Table 1 Summary of key features of DNA-modifying technologies that have been employed for removal of selectable marker genes from plants

Compared to applications in mammalian research, ZFNs have been used less-frequently for plant genome editing [121]. In plants, although the technology primarily focuses on introducing local genomic modification [122–126], ZFN technology was recently reported to use for plant SMG deletion. Petolino et al. demonstrated that a pre-integrated cassette containing GUS reporter gene flanked by two ZFN cleavage sites was deleted from a stably transformed plant by crossing it with a second plant expressing a corresponding ZFN gene [127]. The same scheme can also be used for SMG removal [127]. Moon et al.[94] also proposed this same ZFN method for SMG deletion in plant pollen.

The limitations and future prospects of existing methods for SMG removal in transgenic plants

Techniques to produce SMG-free transgenic plants have continued to undergo innovation, which is an indicator of the industry need. Another factor driving innovation is that each method we have discussed has limitations.

Using no selection is impractical in most species. There are too many escapes and latent Agrobacterium contamination that can confound the results obtained from the system which relies heavily on PCR selection [128]. In addition, no selection can increase the number of chimeric transgenic plants recovered [25]. Therefore, simply not using SMGs for most agriculturally-important plant species will probably not be commercially viable.

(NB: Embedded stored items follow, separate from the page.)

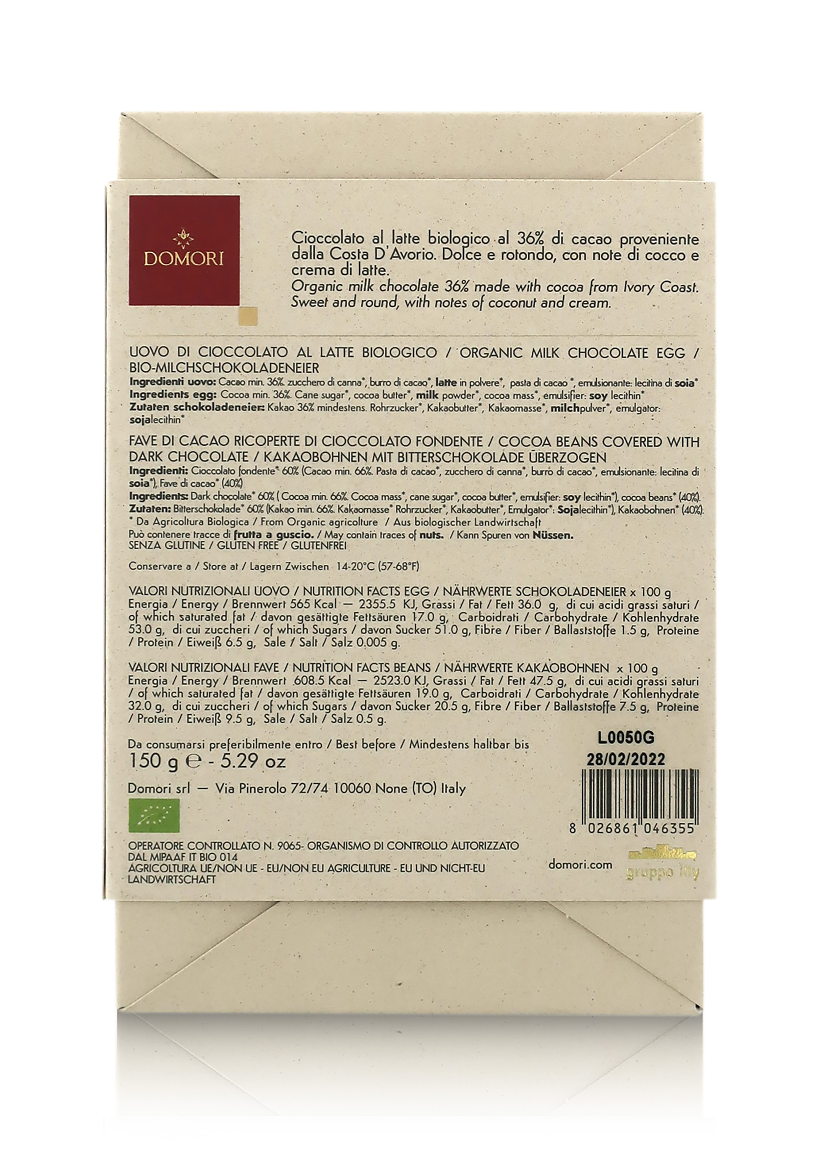 UOVA di cioccolato al latte al 36%, realizzato con cacao aromatico africano. All’interno una sorpresa Domori. Peso: 150 g. Dimensioni UOVA: 15 cm (A) x 9,5 cm (L).
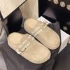 Birkenstocks, slippers, small fragrant soft-soled bag head, half slippers are not tired, versatile feet, round head, Korean version lace
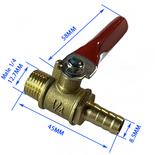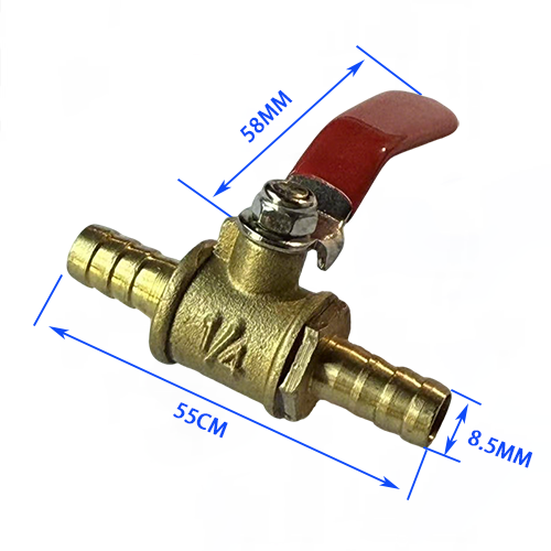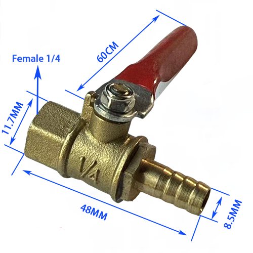 5. Binnendraad + pagodemodel, het ene uiteinde van het product is binnendraad 1/4, met een diameter van 11,7 mm, en het andere uiteinde is een pagodekop van 8,5 mm, de totale lengte van het kleplichaam is 48 mm en de lengte van de handgreep is 60 mm, wat voornamelijk geschikt is voor de binnendraadinterface van de luchtcompressor en de overdracht van de slang.
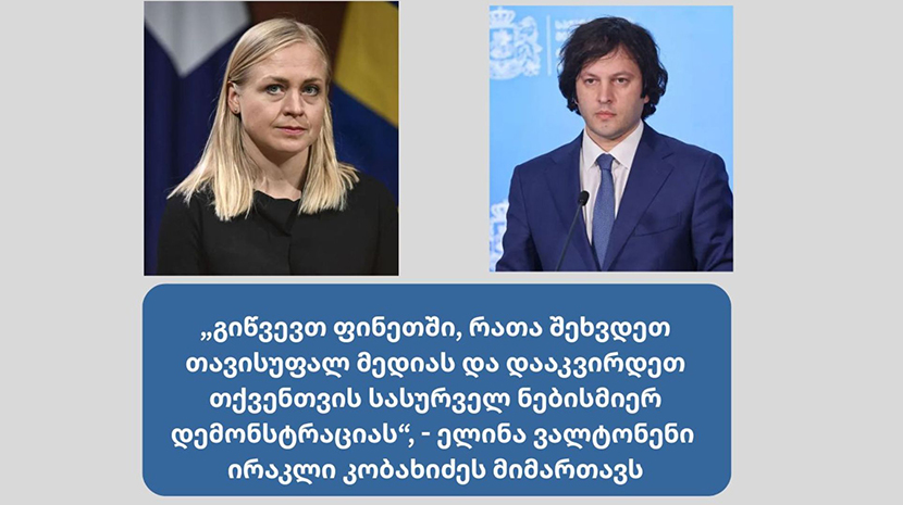 ეუთოს თავმჯდომარე, ფინეთის საგარეო საქმეთა მინისტრი, ელინა ვალტონენი ირაკლი კობახიძეს მიმართავს: „პრემიერ-მინისტრო კობახიძე, საქართველოს მომავალი მხოლოდ ქართველი ხალხის გადასაწყვეტია. იგივე […]
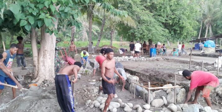 Babinsa Koramil 1603-03/Paga Kodim 1603/Sikka Sertu Iskandar Dula melaksanakan kegiatan gotong royong pembangunan rumah warga di wilayah Kecamatan Paga, Kabupaten Sikka, Rabu (17/12/2025).

At the other end of the spectrum, the co-transformation approach is probably the simplest method to obtain SMG-free transgenic plants. Many isolates of A. tumefaciens contain more than one T-DNA, and crown gall tumors often contain multiple T-DNAs [129]. Also, it is generally less tedious to construct a vector with only a GOI or SMG in each T-DNA. However, there are disadvantages to this approach. Success is tied with having an efficient transformation system, which is typically not the case for most elite crop cultivars. Also, if the two constructs are integrated into the same locus or closely linked loci, it could be nearly impossible to segregate them away from each other. This is especially true of the ‘twin T-DNA’ strategy where the two T-DNAs are physically linked to each other. Third, even with a relatively efficient co-transformation system, many putative transgenic plants must be screened, although this drawback can be addressed by the combined use of positive–negative selection systems. Finally, co-transformation-based SMG removal is typically applied on sexually propagated plants whose genomes undergo recombination and segregation, not to vegetatively propagated plants. However, a recent approach using transient positive selection coupled with long negative selection recovered a few SMG-free GOI-only transgenic plants at the T₀ generation for vegetatively propagated plants, but it is not an efficient system [47].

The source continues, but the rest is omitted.